La généralisation de Linky suscite des inquiétudes, les nombreuses questions reçues à Que Choisir en témoignent. Parmi celles-ci, certains nous demandent s’ils peuvent refuser l’installation de ce nouveau compteur électrique. Nous nous sommes penchés sur la question. Et voici nos réponses.

 
SOMMAIRE

Après avoir fait le point sur les éventuels risques pour la santé engendrés par Linky, d’autres interrogations ont surgi et notamment celle-ci : est-il ou non possible de refuser le compteur Linky ? Les lobbyistes anti-Linky radicaux font le buzz en affirmant que oui. Mais pour Que Choisir, le problème est plus compliqué. Rien ne vaut des réponses factuelles dénuées de passion.

 

À qui appartient le compteur électrique ?

Qu’il s’agisse d’un compteur classique ou de Linky, la règle est la même, votre compteur électrique ne vous appartient pas. L’article 6-2 des conditions générales de vente d’EDF précise que « le dispositif de comptage est fourni et posé par ERDF. Il fait partie du domaine concédé ». L’article 6-3 ajoute que « le dispositif de comptage est entretenu, vérifié et renouvelé par ERDF ». EDF parle de « domaine concédé » car le compteur n’est pas la propriété de sa filiale ERDF, mais appartient aux collectivités locales. Néanmoins, celles-ci ayant concédé le service public de distribution d’électricité à ERDF sur 95 % du territoire, les compteurs relèvent de son entière responsabilité. Sur les 5 % du territoire restants, ce sont les entreprises locales de distribution qui en ont la charge.

L’avis de QC

Le contrat de concession incluant la gestion des compteurs et les missions de comptage, le client ne peut pas s’opposer à l’installation du nouveau compteur.

 

Et si ma commune a voté contre la pose des compteurs Linky ?

Sensibles aux arguments des associations anti-Linky, des communes ont voté contre l’installation des compteurs Linky sur leur territoire. Forts de ces votes en conseil municipal, certains appellent à refuser la pose du compteur. Mais c’est loin d’être aussi simple. « La plupart des communes ont transféré la compétence du réseau électrique à leur intercommunalité, à leur métropole ou à un syndicat local de l’énergie, rappelle Charles-Antoine Gautier, chef du département Énergie de la Fédération nationale des collectivités concédantes et régies (FNCCR). C’est cette autorité qui gère la concession de service public, pas la commune ».

L’avis de QC

Les communes s’étant destituées de leur compétence au profit d’une autorité organisatrice (structure intercommunale, syndicat de l’énergie), le vote du conseil municipal peut avoir une portée symbolique, mais il n’a pas de valeur juridique.

 

Le maire peut-il interdire les compteurs Linky ?

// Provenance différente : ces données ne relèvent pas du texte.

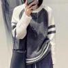 Maglione pullover donna manica lunga contrasto temperamento autunno/inverno O collo contrasto colore comodo maglione lavorato a maglia da donna
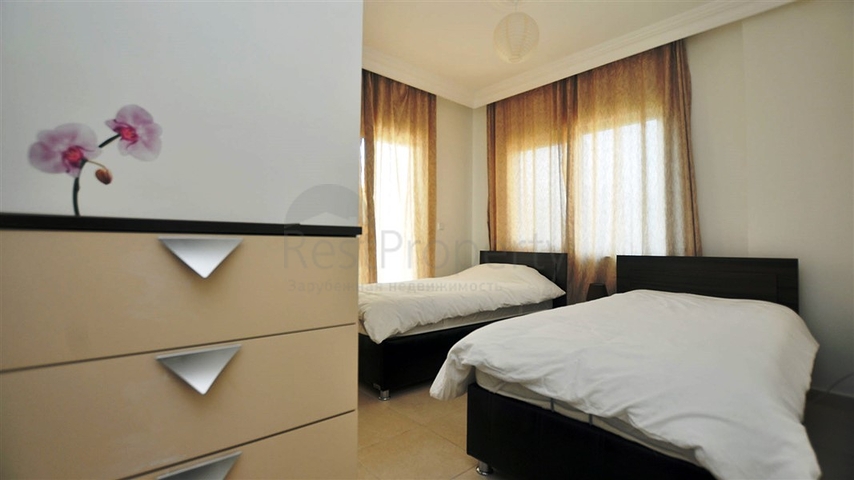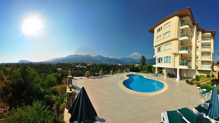 У подножья горной гряды Таурус в комплексе с зеленым ухоженным садом и бассейном выставлена на продажу полностью меблированная трехкомнатная квартира общей площадью 110 м².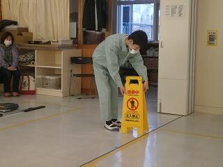 まずは作業表示板を置きます。置く向きや置く位置にも 掃き残しがないように、自分の足の1足分ずつ進んで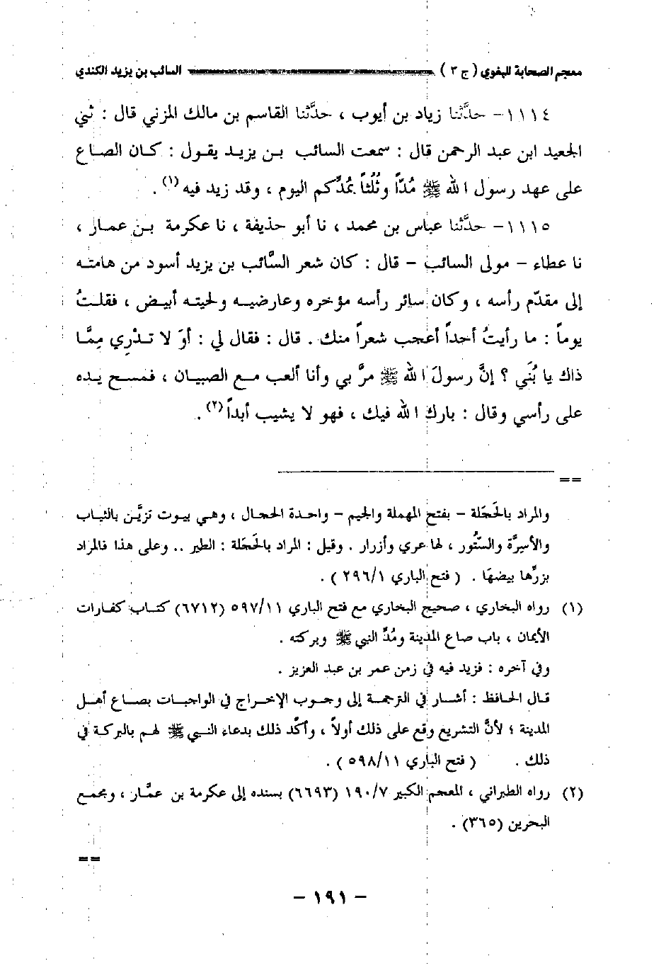 ١١١٤ - حدثنا زياد بن أيوب حدثنا القاسم بن مالك المزني قال: حدثني الجعيد بن عبد الرحمن قال: سمعت السائب بن يزيد يقول: كان الصاع على عهد رسول الله صلى الله عليه وسلم مدا وثلثا بمدكم اليوم وقد زيد فيه.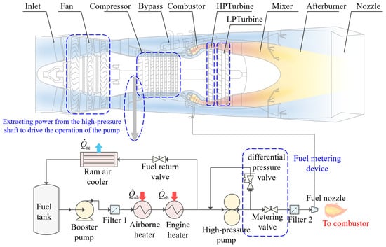 The power that drives the operation of the fuel thermal management system is extracted from the high-pressure shaft of the engine and transmitted to the fuel system after being decelerated by the gearbox. The fuel stored in the fuel tank is first filtered by a coarse filter to remove impurities. After being pressurized by the booster pump, it passes through the airborne heater and the engine heater in turn. The fuel absorbs the thermal load of the aircraft system and the engine lubrication system, respectively. The heated fuel is further pressurized by a gear pump and enters the fuel metering device. In the process of fuel metering, the fuel mass flow into the combustor is accurately controlled by adjusting the aperture of the differential pressure valve. A fuel return valve is employed to regulate the fuel temperature. If there is a risk of fuel overheating, the fuel return valve opens wider to allow more cool fuel from the aircraft to flow into the fuel system, thereby reducing the fuel temperature to an appropriate level. Additionally, during its return to the fuel tank, the fuel is cooled by a ram air cooler.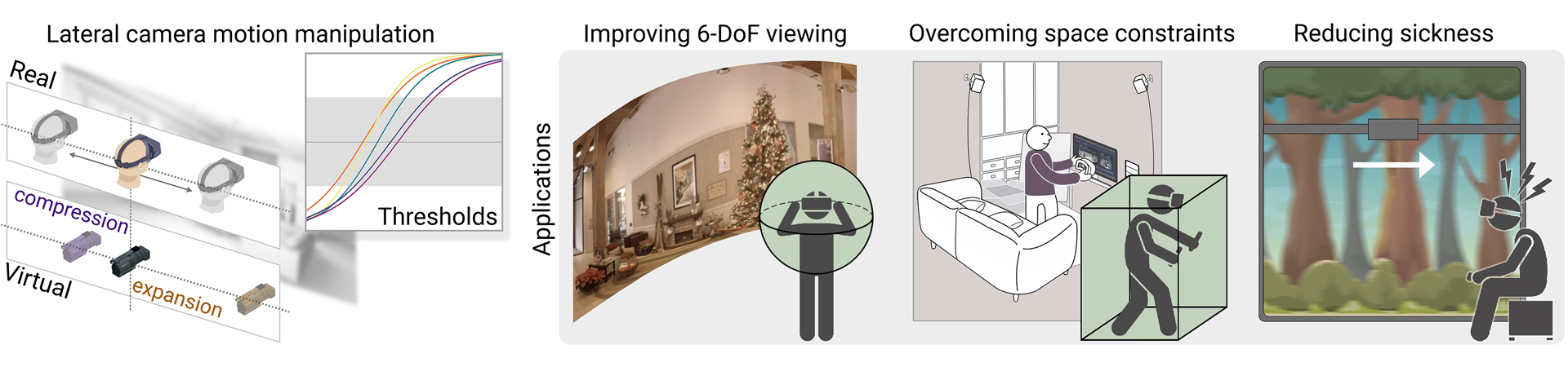 Virtual Reality (VR) systems increase immersion by reproducing users’ movements in the real world. However, several works have shown that this real-to-virtual mapping does not need to be precise in order to convey a realistic experience. Being able to alter this mapping has many potential applications, since achieving an accurate real-to-virtual mapping is not always possible due to limitations in the capture or display hardware, or in the physical space available. In this work, we measure detection thresholds for lateral translation gains of virtual camera motion in response to the corresponding head motion under natural viewing, and in the absence of locomotion, so that virtual camera movement can be either compressed or expanded while these manipulations remain undetected. Finally, we propose three applications for our method, addressing three key problems in VR: improving 6-DoF viewing for captured 360° footage, overcoming physical constraints, and reducing simulator sickness. We have further validated our thresholds and evaluated our applications by means of additional user studies confirming that our manipulations remain imperceptible, and showing that (i) compressing virtual camera motion reduces visible artifacts in 6-DoF, hence improving perceived quality, (ii) virtual expansion allows for completion of virtual tasks within a reduced physical space, and (iii) simulator sickness may be alleviated in simple scenarios when our compression method is applied.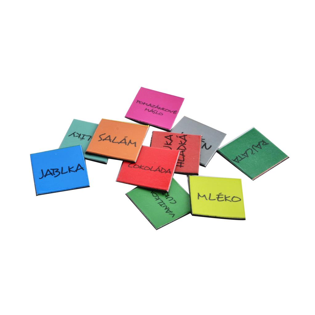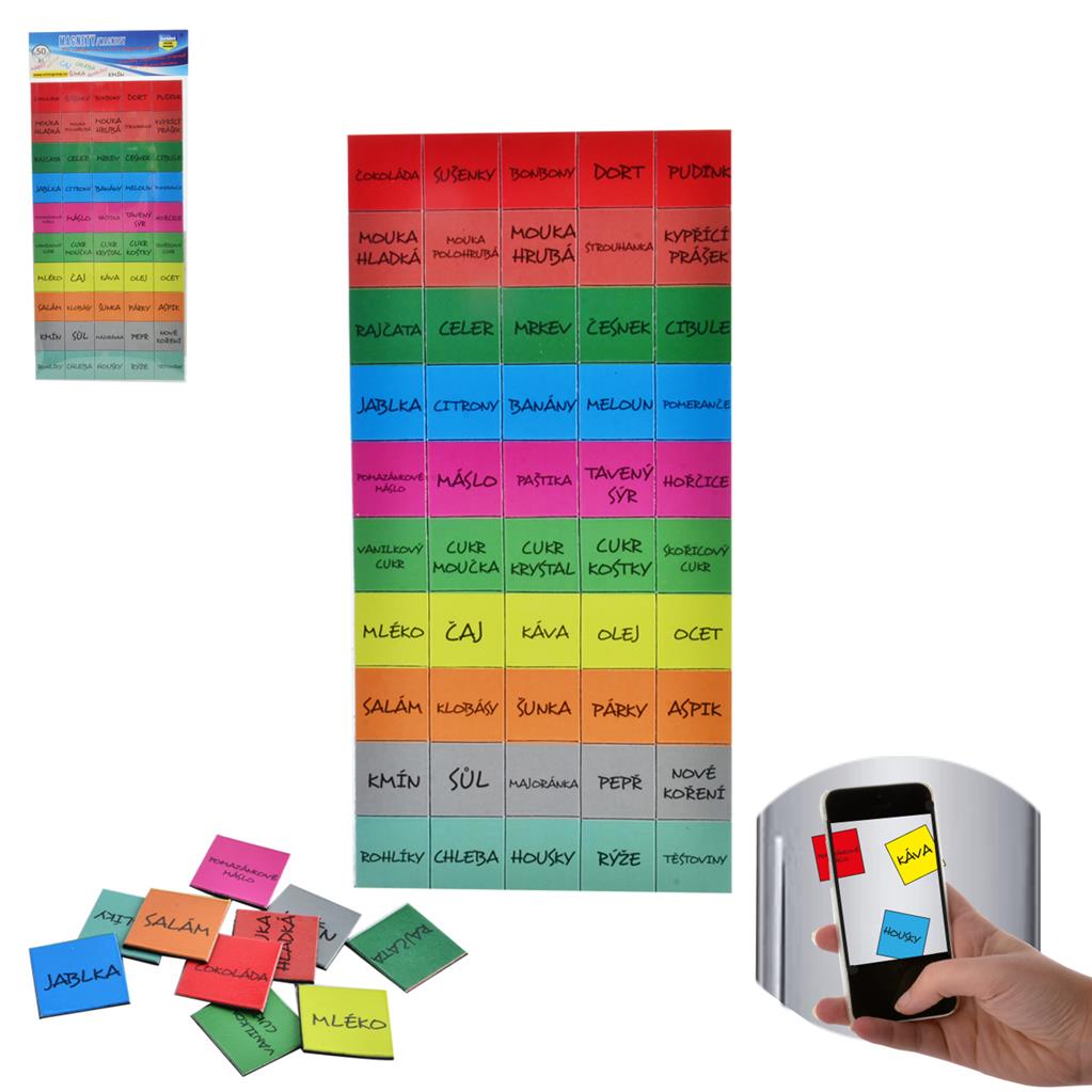Pomocou sady magnetiek s názvami potravín si na chladničke alebo inej kovovej ploche jednoducho vytvoríte súpis všetkého, čo vám v kuchyni chýba.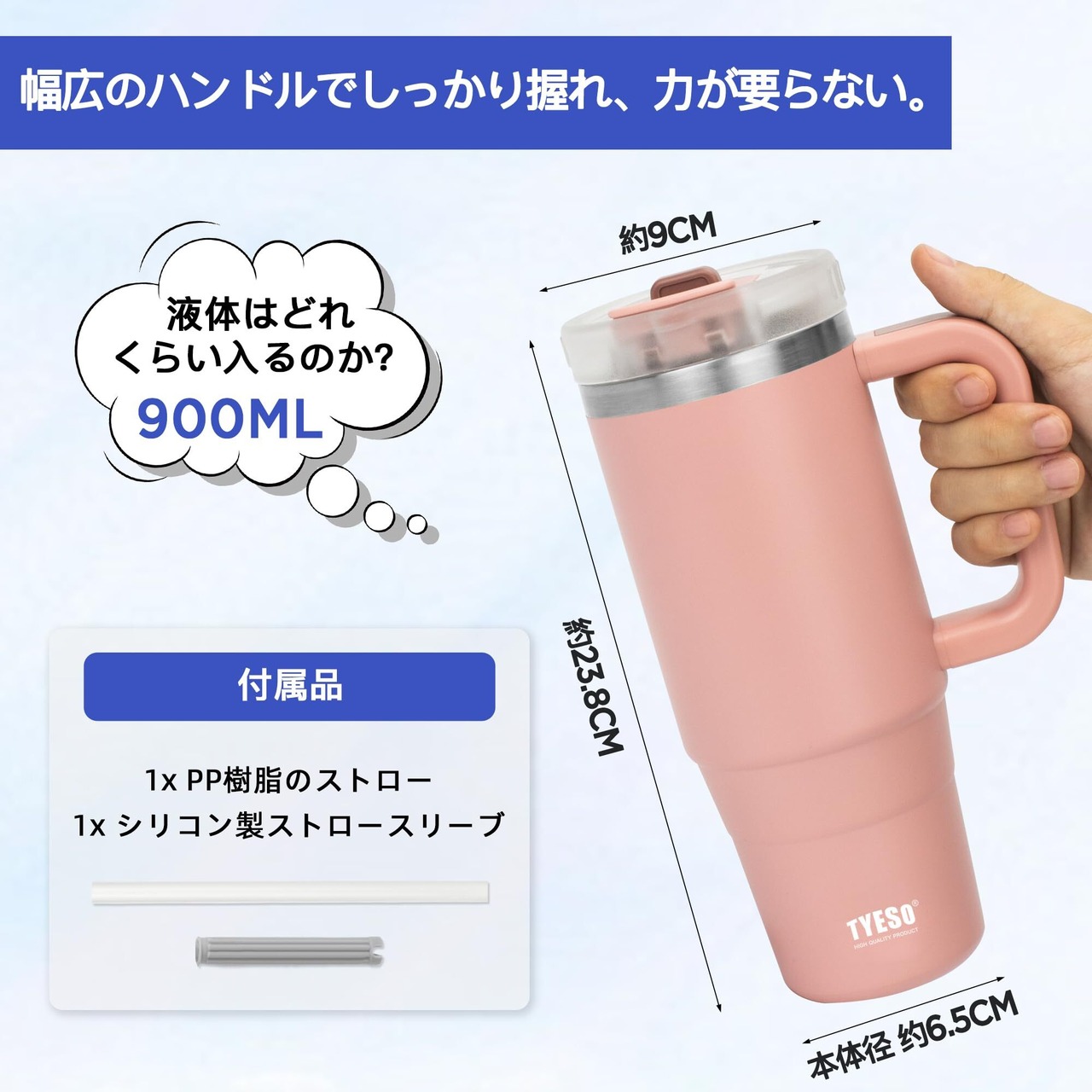 TYESO タンブラー 0.9L 水筒 保冷 ステンレスボトル ウォーターボトル ストロー 取っ手付き ジョッキ アウトドア 真空断熱 二重構造 広口 大容量 直飲 女の子 男の子 900ml 桃色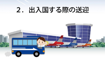 帰国時に空港の保安検査場までの送迎、同行を行います。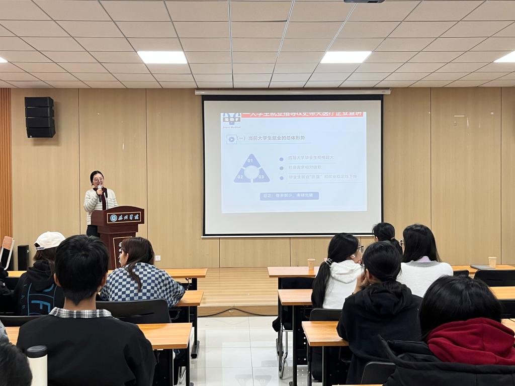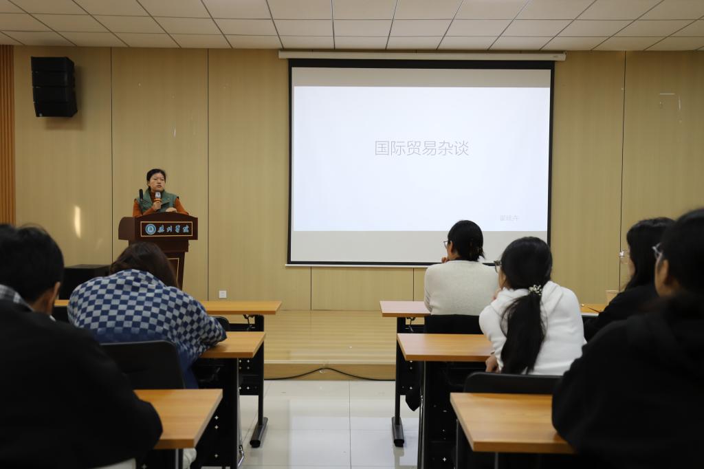 首先,金主任围绕当前大学生就业形势及特点,指出如今大学生就业中考公考编机会少、就业竞争激烈、企业招聘要求高等突出问题,并围绕公司的发展历程、招聘岗位及要求、薪资福利等进行介绍。随后,翟经理从国际贸易宏观分析、国际贸易模式以及国际贸易从业者需要做什么等几个方面分享了自己对国际贸易相关内容的理解,强调大学期间要持续提高自己学习的能力。通过翟经理的指导,学生们对国际经济与贸易的内容有了更加深刻的理解。最后,尼姑洗逼什么意思教师发表了自己的感言并鼓励同学们要积极参与到就业创业活动之中。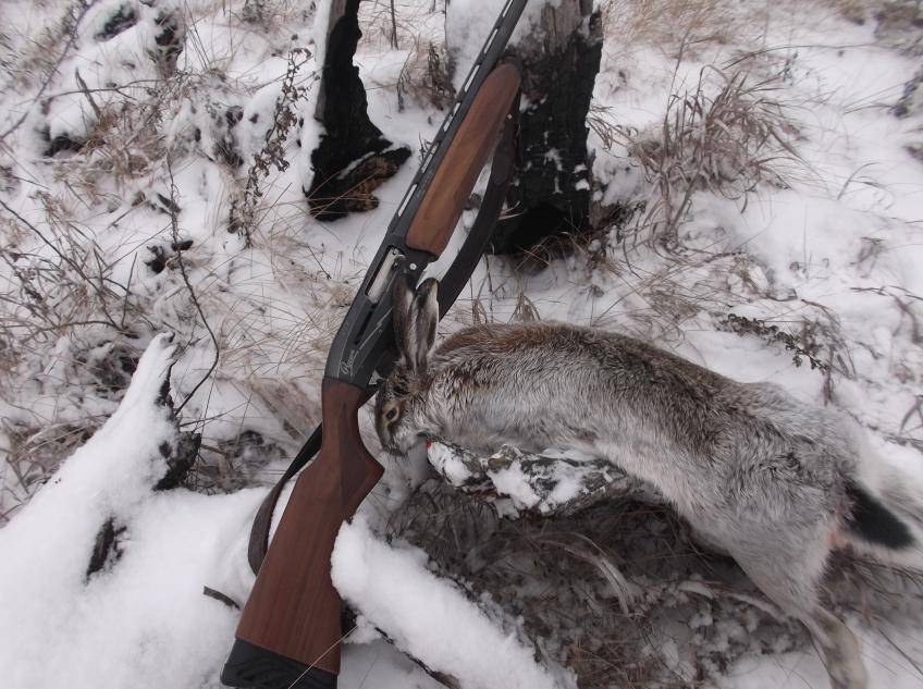 На охоте был сегодня всего полчаса. Съезжаю в угодья и вижу , на встречу мне едет машина. В ней охотник. Остановились, побалтали немного. Я спросил есть ли следочки с ночи. Он ответил ,что не видел, что заяц похоже в снегопад не вставал и что они охотятся группой и с собаками. Ну думаю мешать не буду, а полазию немного по кустам около дороги. Прочесал куровник-безрезультатно. Пошёл вдоль небольшого овражка и метров через 200 нахожу присыпанные следы. Настроение сразу пошло вверх.Хоть и следы присыпаны , но это сто пудов с вчерашнего вечера.Вывел меня след в скошенный подсолнечник. Покружил я там минут 5 и вижу зайца метрах в 40 убегающего прочь от меня. Четыре выстрела получились как очередь. А заяц бежит. Ну думаю опять промах, но как положенно пошёл по гонному следу. И вот удача где легла дробь от 1 выстрела лежит клочок шерсти. Значит зацепил.В погоню. Метров через 70-80 капелька крови и чем дальше тем больше кровит. Ништяк , увеличиваю темп ходьбы. И метров через 100 заяц опять поднимается ( залёг оказалось) и бежит от меня метрах в 50 с права на лево. Один выстрел с упреждением и заяц делает кувырок. Ура добыт. При разделке оказалось , что первым выстрелом я ему попал в основание хвоста( копчик), вот он не смог далеко уйти. Патроны азот NRC №1 навеска 36 грамм.
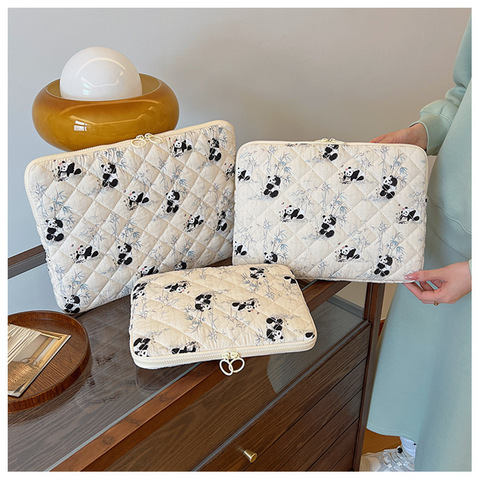 Özel boyutta Logo sevimli pamuk kapitone ZipperShockproof Laptop çantası Tablet koruma kapitone dizüstü bilgisayar için kılıf çanta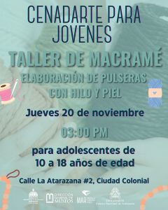 Taller de Cerámica – CENADARTE PARA JÓVENES Un taller práctico dirigido por artesanos especializados Fecha: Viernes 12 de diciembre Hora: 03:00 PM Lugar: Calle La

« Le maire pourrait à la rigueur faire valoir son pouvoir de police en prenant un arrêté municipal d’interdiction, estime la FNCCR, mais cela supposerait que le risque soit grave ou imminent ».

L’avis de QC

Que Choisir a beau contester l’intérêt du compteur Linky pour les consommateurs et avoir prouvé qu’il peut renchérir le montant de leurs factures, on est loin du « danger grave ou imminent » inscrit dans le code général des collectivités territoriales.

 

Quelles conséquences si je refuse le compteur Linky ?

Dans l’immédiat aucune. ERDF a 35 millions de compteurs à poser et ne va sans doute pas perdre de temps à tenter de convaincre les récalcitrants. Dans l’avenir, c’est différent. Toutes les opérations se faisant à distance avec Linky, les déplacements pour les relevés de compteurs qui auraient dû être changés pourraient être facturés. Et le jour où l’ancien compteur tombera en panne, l’intervention se soldera par la pose… d’un compteur communicant !

L’avis de QC

La généralisation des compteurs Linky étant une obligation légale bien cadrée (loi + décret d’application + arrêté), les recours seront difficiles en cas de facturations élevées pour des compteurs classiques. En 2012, l’UFC-Que Choisir avait engagé une action contre l’arrêté de généralisation, sans succès malheureusement.